Results and Discussion

Quantitative: We had both quantitative and qualitative results to our tests. The original qualitative results are linked to in our second-by-second notes and questionnaire responses (see below). The quantitative results are summarized below:

Task (Time, # of Errors)	Participant 1	Participant 2	Participant 3	Mean
Registration	(1:55, 1)	(2:04, 1)	(1:53, 2)	(1:57, 1.3)
Reset	(2:10, 2)	(3:06, 2)	(4:00, 4)	(3:05, 2.6)
Login	(0:15, 0)	(0:30, 0)	(0:20, 0)	(0:21, 0)

Metric	Participant 1	Participant 2	Participant 3	Mean
Ease of Use	3	5	3	3.66
Speed of Authentication	5	3	2	3.33
Clarity of Expectations	5	4	3	4
Mean	4.33	4	2.66

The time measurements from these trials are in-line with what we expected. Handshake reset took the most time of the three tasks, followed by registration, and login. User login, at a mean of 21 seconds, is longer than we would like, but we expect this number would be more reasonable as users become more familiar with handshake authentication systems. That there were no errors during the login process is a testament to the general accuracy of our gesture recognition.

It is interesting that the first two participants ranked their experience quite higher than the final participant. This can probably be attributed to the difficulties the final participant had with shadows in the box affecting the accuracy of gesture recognition in non-login processes.

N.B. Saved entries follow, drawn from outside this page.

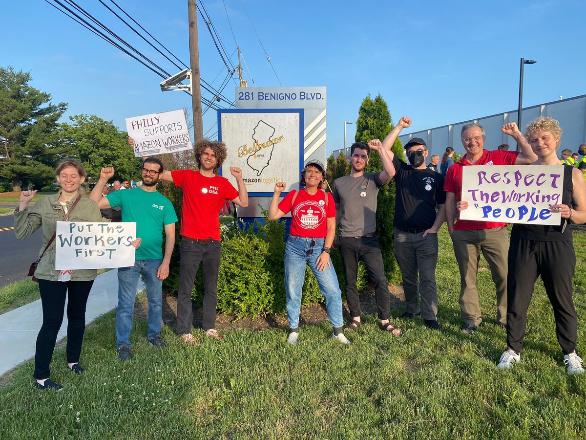 This morning Philly DSA proudly stood with Amazon workers in Bellmawr, NJ who walked out on the job. They join Amazon workers from Staten Island to Chicago to Bessemer who are sick of being treated like “warehouse machinery” by a man rich enough to take joy rides to space. https://t.co/HFYdJCpm4b |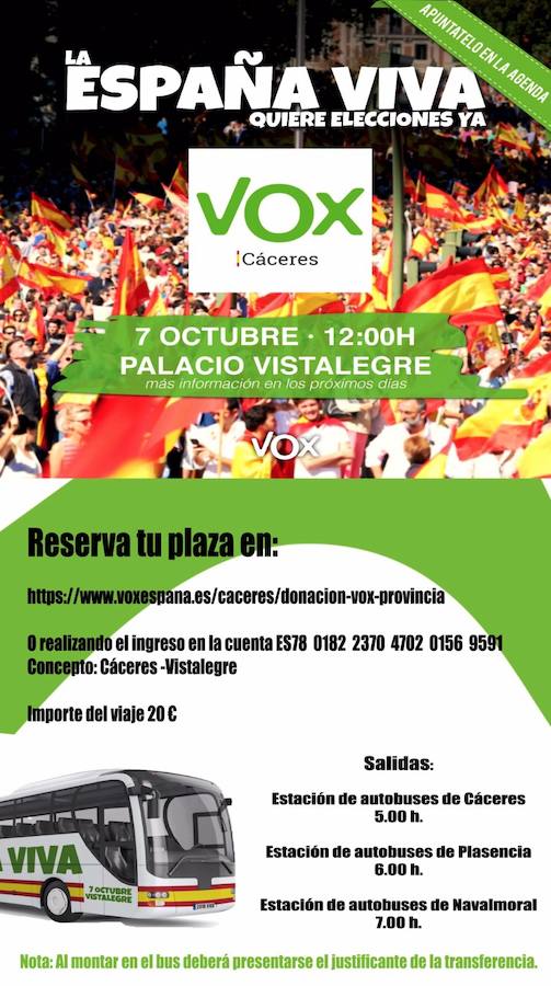 Lo que sí se mantiene es la convocatoria que han lanzado a sus simpatizantes para que reserven plazas en los autobuses que se quieren fletar en la provincia para asistir a la concentración nacional que celebrarán el 7 de octubre en el Palacio de Vistalegre, en Madrid.
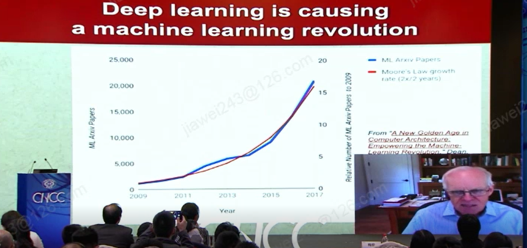GPU只是冰山一角,对特定领域进行定制处理器的需求巨大,当前在机器学习社区,更多人的研究方向是如何用机器学习处理数据,而不是编写大量代码尝试生成有趣应用程序的新方法。目前,机器学习发表论文的增速已经和摩尔定律一样快了。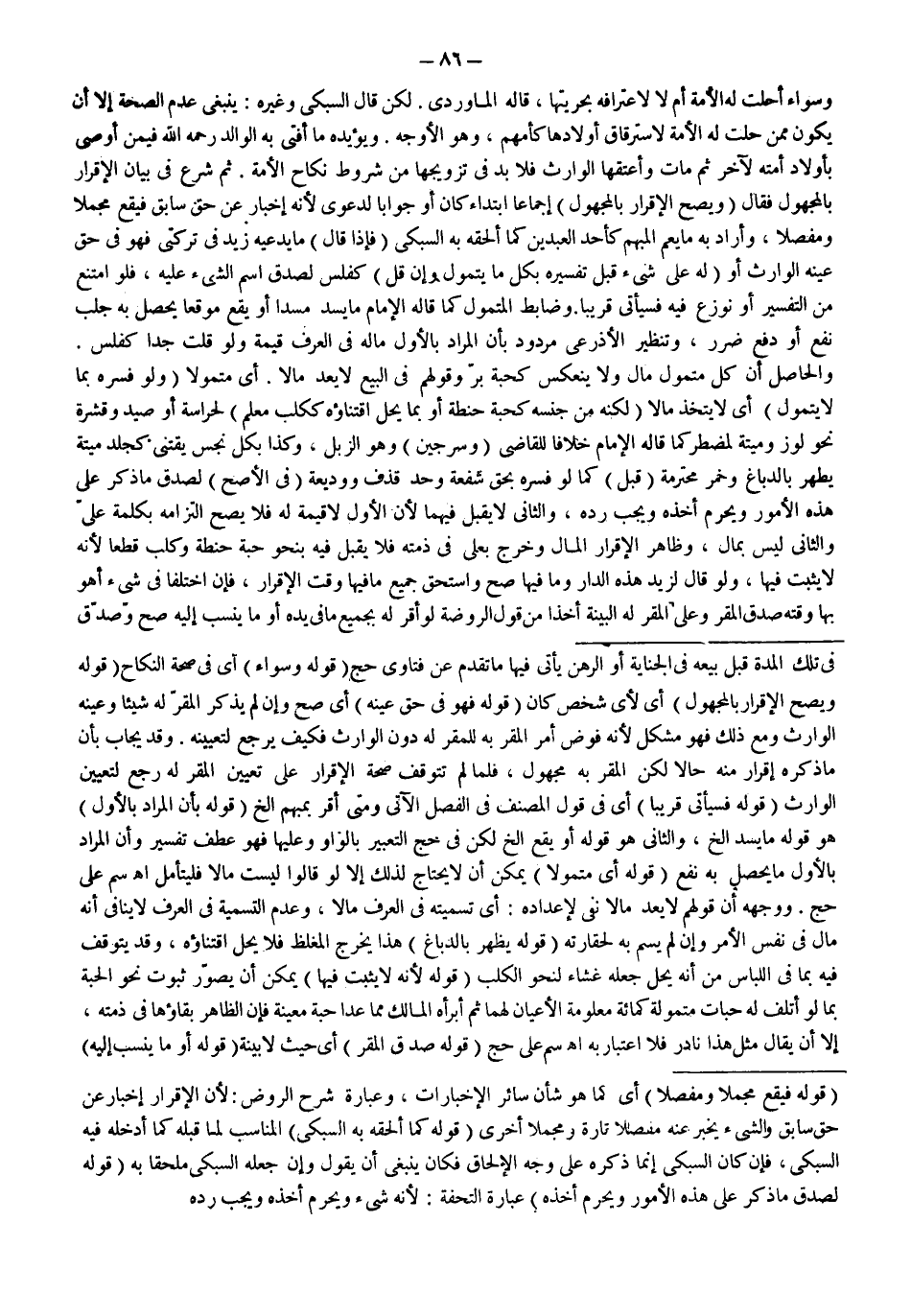 ثُمَّ شَرَعَ فِي بَيَانِ الْإِقْرَارِ بِالْمَجْهُولِ فَقَالَ (وَيَصِحُّ) (الْإِقْرَارُ بِالْمَجْهُولِ) إجْمَاعًا ابْتِدَاءً كَانَ أَوْ جَوَابًا لِدَعْوَى لِأَنَّهُ إخْبَارٌ عَنْ حَقٍّ سَابِقٍ فَيَقَعُ مُجْمَلًا وَمُفَصَّلًا، وَأَرَادَ بِهِ مَا يَعُمَّ الْمُبْهَمَ كَأَحَدِ الْعَبْدَيْنِ كَمَا أَلْحَقَهُ بِهِ السُّبْكِيُّ (فَإِذَا) (قَالَ) مَا يَدَّعِيه زَيْدٌ فِي تَرِكَتِي فَهُوَ فِي حَقٍّ عَيَّنَهُ الْوَارِثُ أَوْ (لَهُ عَلَيَّ شَيْءٌ قُبِلَ تَفْسِيرُهُ بِكُلِّ مَا يُتَمَوَّلُ وَإِنْ قَلَّ) كَفَلْسٍ لِصِدْقِ اسْمِ الشَّيْءِ عَلَيْهِ، فَلَوْ امْتَنَعَ مِنْ التَّفْسِيرِ أَوْ نُوزِعَ فِيهِ فَسَيَأْتِي قَرِيبًا.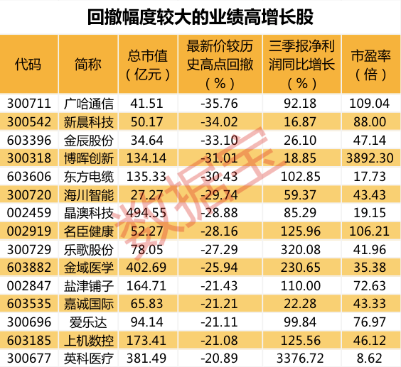证券时报·数据宝统计显示,剔除掉两年内上市的次新股,近一个月股价创历史新高的个股中,三季报业绩高增长且近期回撤幅度超过20%股共15只,其中5只个股回撤幅度超过30%。广哈通信、新晨科技、金辰股份回撤幅度居前。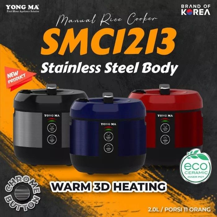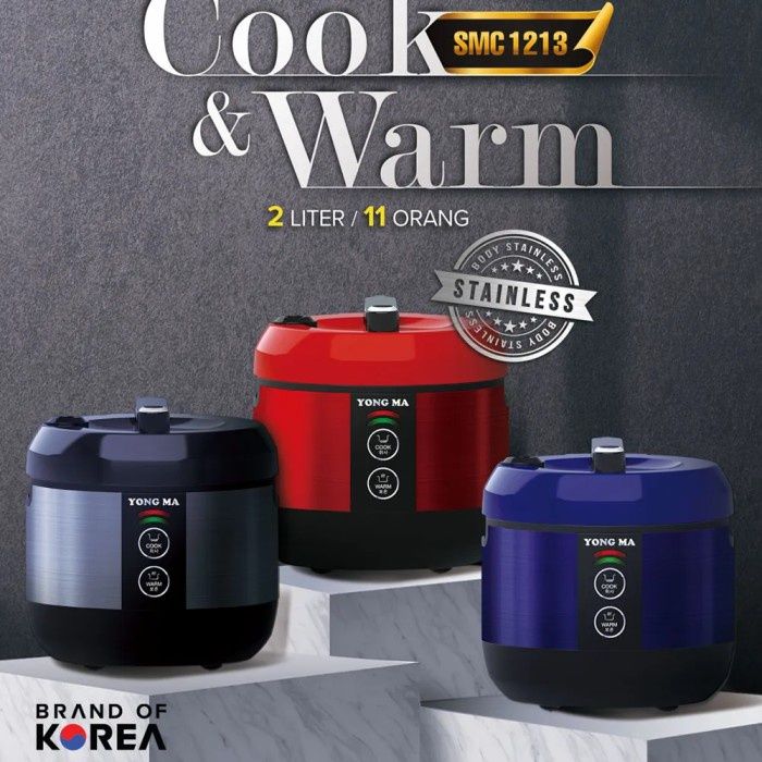 YONG MA Rice Cooker/Magic Com/Penanak Nasi 3 In 1 Anti Lengket SMC/1213 Kapasitas 2 Liter/2L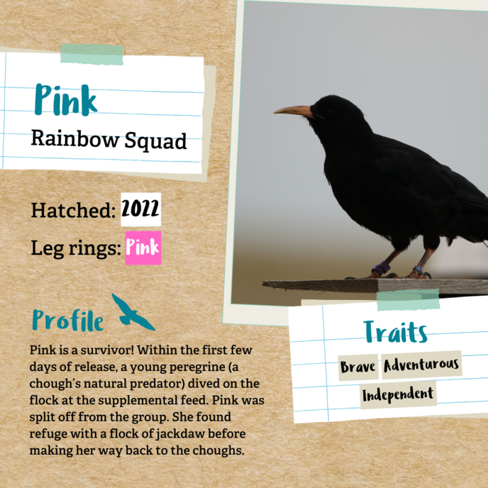 Get personal with our chough project and learn about the individual chough that are part of the cohort of chicks being released in Dover.

General observations: It seemed that Oz had a somewhat steep learning curve. As shown in our data, all of our test subjects misentered a handshake at least one time for several reasons. First, our explanation in the script wasn’t clear enough on the limitations of the current prototype (e.g., can’t take into account hand rotation) or how to use the prototype properly (e.g., didn’t insert their hand into The Box far enough). Consequently, Oz misinterpreted hand gestures relatively easily, and it often took several tries for the users to even enter in the same handshake twice in a row. Additionally, during the testing we realized how important the lighting is in the overall usability and accuracy of the system: shadows cast onto the hand or in The Box were often disruptive and resulted in inaccurate measurements. However, over the course of the testing, all three users were able to understand the prototype enough in order to use it fluently for the final test.

During the testing, users remarked the system with phrases such as “Cool!,” “Awesome!,” or “Aw, sweet!,” even though they sometimes struggled becoming acquainted with the handshake system. We suspect that this is due to the fact that though hands-free interfaces for computers have existed for several years (e.g., webcams, headsets), hands-free interfaces for controlling computers are relatively novel and unused. An interesting observation that we noted during our test trials was that every user set three hand gestures for their final handshake without our influence. It would appear that three gestures maybe the ideal number for users. More testing data is needed to justify this claim. It is also possible that users would use much longer handshakes if prompted to do so, just as many existing websites require a password of a certain length.

Possible changes: There are several steps we can take in response to our observations. In future versions, we intend to make The Box enclosed with consistent lighting to avoid environmental factors such as shadows from affecting the read gesture (which was a significant problem for participant 3). Additionally, if we were able to spend significant time revamping the technology, using a depth camera such a Kinect would alleviate issues surrounding lighting (and obviate the need for the black glove used in our current prototype). In the final version of the product, we definitely want to make the Chrome plugin the one point of interaction. Currently, a terminal window is required to start the handshake reading process. Also, we would like to have facial recognition during the user selection process because typing in a username, as we have it in the status quo, would probably be slower. One last interaction mechanism that we should implement is feedback as users enter the password. Users appeared to rely on the terminal printout to signal when a gesture was read in, allowing them to move on to the next gesture. We would like to have the Chrome plugin provide a visual “ping” that indicates a gesture has been recorded.